Are We Too Distracted to Send Crooks to Jail?
The Next Hit: Quick Defaults More FHA-Backed Mortgages Go Bad Without a Single Payment
By Dina ElBoghdady and Dan Keating Washington Post Staff Writers Sunday, March 8, 2009; A01
The last time the housing market was this bad, Congress set up the Federal Housing Administration to insure Depression-era mortgages that lenders wouldn't otherwise make.
. . . With the surge in new loans, however, comes a new threat. Many borrowers are defaulting as quickly as they take out the loans.
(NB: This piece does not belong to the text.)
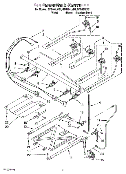 Parts for Whirlpool GFG464LVS1: 03 - Manifold Parts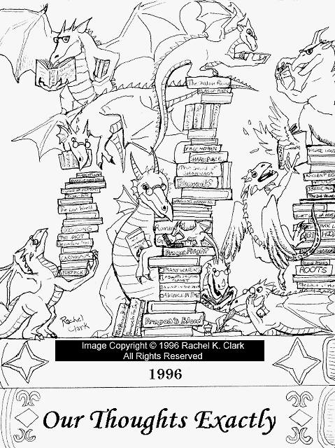 This was my primary contribution to my middle school, my farewell present before my eighth grade year ended. Our Thoughts Exactly is an annual literature/art publication of my middle school (whose identity has been erased from the scan you can view). I contributed a lot of artwork, a story (Tabrian and Redlock! yeah!), and, of course, the cover to 1996's edition. The dragon theme reflects my obsession at the time, and the influence from my daily viewing of "Gargoyles" is rather apparent. The arms on the dragon holding the stack of books continues to bother me, but that's beside the point. -- April 23, 2000

In the past year alone, the number of borrowers who failed to make more than a single payment before defaulting on FHA-backed mortgages has nearly tripled, far outpacing the agency's overall growth in new loans, according to a Washington Post analysis of federal data.
Many industry experts attribute the jump in these instant defaults to factors that include the weak economy, lax scrutiny of prospective borrowers and most notably, foul play among unscrupulous lenders looking to make a quick buck.
If a loan "is going into default immediately, it clearly suggests impropriety and fraudulent activity," said Kenneth Donohue, the inspector general of the Department of Housing and Urban Development, which includes the FHA.
The spike in quick defaults follows the pattern that preceded the collapse of the subprime market as some of the same flawed lending practices that contributed to the mortgage crisis are now eroding one of the main federal agencies charged with addressing it. During the subprime lending boom, many mortgage brokers and small lenders milked the market for commissions and fees by making as many loans as possible with little regard for whether they could be repaid.
Once again, thousands of borrowers are getting loans they do not stand a chance of repaying. Only now, unlike in the subprime meltdown, Congress would have to bail out the lenders if the FHA cannot make good on guarantees from its existing reserves. And those once-robust reserves are showing signs of stress, raising the possibility that taxpayers may have to pick up the tab for the first time since the agency was established in 1934.
--read entire article-- __________________________________________________Is our appetite for unpunished fraud just endless?
The Washington money-pump is shoveling money so quickly and with so little oversight, that as quickly as fraudsters can devise a scam, another billion or two accrues to taxpayer responsibility.
No indictments. No time. No oversight. This is the change we need?